July 4th, 2022 | 7 min read
Data Mesh: The Next Frontier in Master Data Management?
Data is difficult to manage, especially master data. Master Data Management is essentially the process of controlling the way you define, store, organize and track information related to customers, products and partners across your organization. Traditional data modeling requires that all business entities are defined in advance and cannot change throughout the life of the enterprise system; this limits flexibility and prevents you from easily integrating new systems with existing ones. What if you could handle master data management in a more flexible and agile way? Could it make managing master data much easier?
Data Mesh is a relatively new approach to mastering data, and if its advocates are to believed, could represent the future of master data management.
What is Data Mesh?
Data Mesh is a platform architecture that takes a decentralized approach to managing data. Fundamentally, it’s about treating as something that is separate from any single platform or application. Under the Data Mesh philosophy, data is treated as a democratized product, owned by the entire organisation and managed by domain-specific teams. Each team is responsible for the quality, governance and sovereignty of its own domain, and this data is then provided for use by the rest of the business.
What problems is Data Mesh trying to solve?

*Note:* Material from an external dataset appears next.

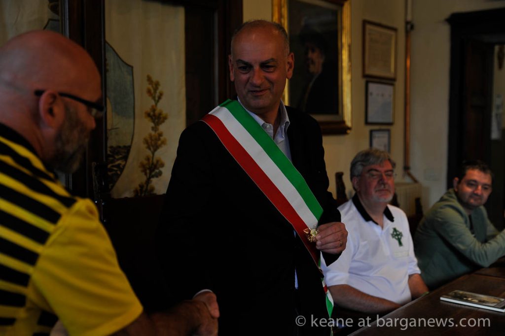 After a presentation by the L’assessore allo sport, Gabriele Giovanetti and the Mayor of Barga Marco Bonini at the Palazzo Pancrazi the supporters then moved on to the main hub of all this Celtic energy – Paolo Gas’s bar on the Fosso.

The theory behind Data Mesh is a noble one. In essence, it is seeking to solve the fundamental and pervasive issues that have dogged traditional Master Data Management systems for years. In order to realise any value from these initiatives, organisations have been forced to wrestle their data into rigid structures and compositions before they can even get started. Cleaning, preparing and integrating data is hard, time-consuming and expensive, which is why so many Master Data Management projects fail before they've even begun. It's not uncommon in a traditional MDM project for it to take six months to get just one domain operational. Six months! Considering the speed at which customers, markets and competitors change, this timeline simply isn't acceptable. By rejecting the heavily centralized and monolithic models of the past, Data Mesh is trying to do a good thing. The question is whether Data Mesh is a practical alternative.
The challenges of Data Mesh
Despite the buzz around Data Mesh, there are some fundamental questions that need to be answered before you can decide if it's right for you. Firstly, you'll need to consider whether your organisation is operating at a scale at which Data Mesh makes sense. Complete decentralization of data brings its own challenges and risks, as it depends on each of those domain-based teams having the necessary skills and experience to manage the data they are responsible for. Without some level of centralised management, data silos, duplication and governance issues will inevitably arise.
Data Mesh is also a more expensive option. If we accept that every domain-based team will need people with some level of data management experience, and that there needs to be another team to oversee them, suddenly this looks very expensive. For all but the largest of organisations, Data Mesh is most likely cost-prohibitive.
It's not just about cost, it's also about value and building a compelling business case. In theory, federated ownership should lead to quicker learning cycles and accelerated ROI. In practice, if each domain-based team needs to invest in some level of data analytics and engineering expertise before they've even procured any technology, it's going to be very hard for some departments - let’s say the HR team which is responsible for Employee Data - to justify and build a compelling business case.
Which brings us to another point. You cannot buy a Data Mesh. There is no off-the-shelf product that will enable a federated approach to data ownership. It is about so much more than technology and tools. It is a topology, a guiding principle, and in order to realise its value it requires a mindset change and cultural shift that many organisations simply are not ready for.
A means to an end
We've established that Data Mesh is not right for everyone. But that doesn't mean what it seeks to achieve is wrong. Quite the opposite, in fact. There is only way to allow organisations to use their data in ways that will actually help them to adapt to market shifts and serve their customers and stakeholders better. And that is to rip up the current master data management "rulebook" and start again.
It is possible to share data ownership between the IT team and business users without requiring the latter to be data engineers or scientists. It is possible to automate manual tasks like data cleaning, enrichment and integration and save hours of time and significant sums of money. Most importantly, it is possible for sets of data to be treated as products which are universally useful across the business. Truly democratized data can only come from a platform that benefits the many, not only the few - as is the case with Data Mesh. The future therefore lies in a modern approach to Master Data Management that has the same ambition as Data Mesh, but which makes the means of achieving it accessible to all.